Corn, wheat and cattle end higher Thursday, with soybeans and hogs weaker.
Tomm Pfitzenmaier with Summit Commodity Brokerage says corn is being pushed by strong demand from ethanol and exports.
USDA reported another 15.5 million bushels of flash sales Thursday morning and weekly exports of 142 million bushels, the highest in 3 1/2 years.
But how much higher can corn go before U.S. prices becomes unattractive to exporters?
Pfitzenmaier says, “That’s the key isn’t it? I mean it’s getting more expensive for them as the dollar has been quite firm that doesn’t help. China has bought a little bit of corn but they don’t seem inclined to buy much.”
The charts look positive for corn with December above the 50 and 100 day moving averages which may be attracting some fund buying.
However, that contract is getting close to the next layer of chart resistance and the October high of $4.34 which he says may be difficult to get through.

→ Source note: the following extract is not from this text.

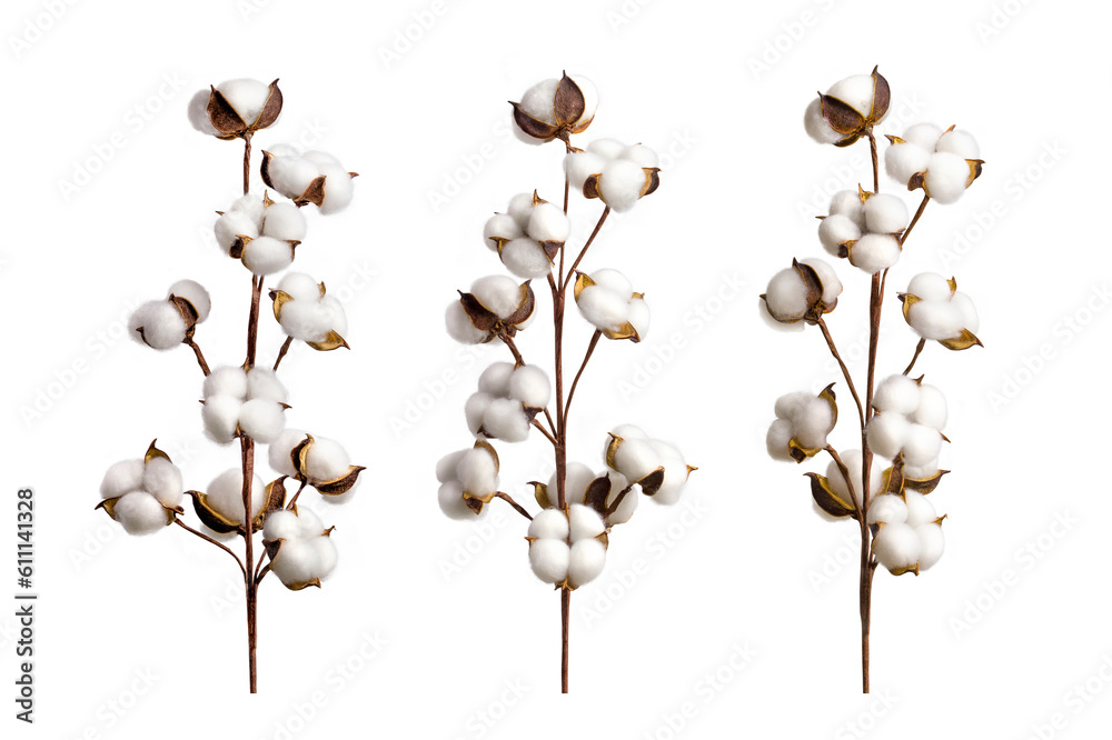 Set of cotton branches isolated on on transparent background. Delicate cotton flowers collection.

Soybeans also saw strong weekly exports of over 79 million and another 7.3 million bushels of flash sales to unknown.
However the market had a disappointing close running into chart resistance.
Pfitzenmaier says he is concerned that soybean export buying has run its course especially with South America now receiving rains.
Wheat followed corn and got some help from a weaker dollar and decent exports.
However, wheat continues to run into technical resistance.
Cattle futures recovered with higher cash trade at mostly $190 in the South, up $2 and up to $192 in the North.
Pfitzenmaier thinks cash and futures can continue to grind higher taking out the old highs and getting December live cattle above $190.
Lean hog futures made fresh for the move highs then scored a reversal so he thinks that market may be topping.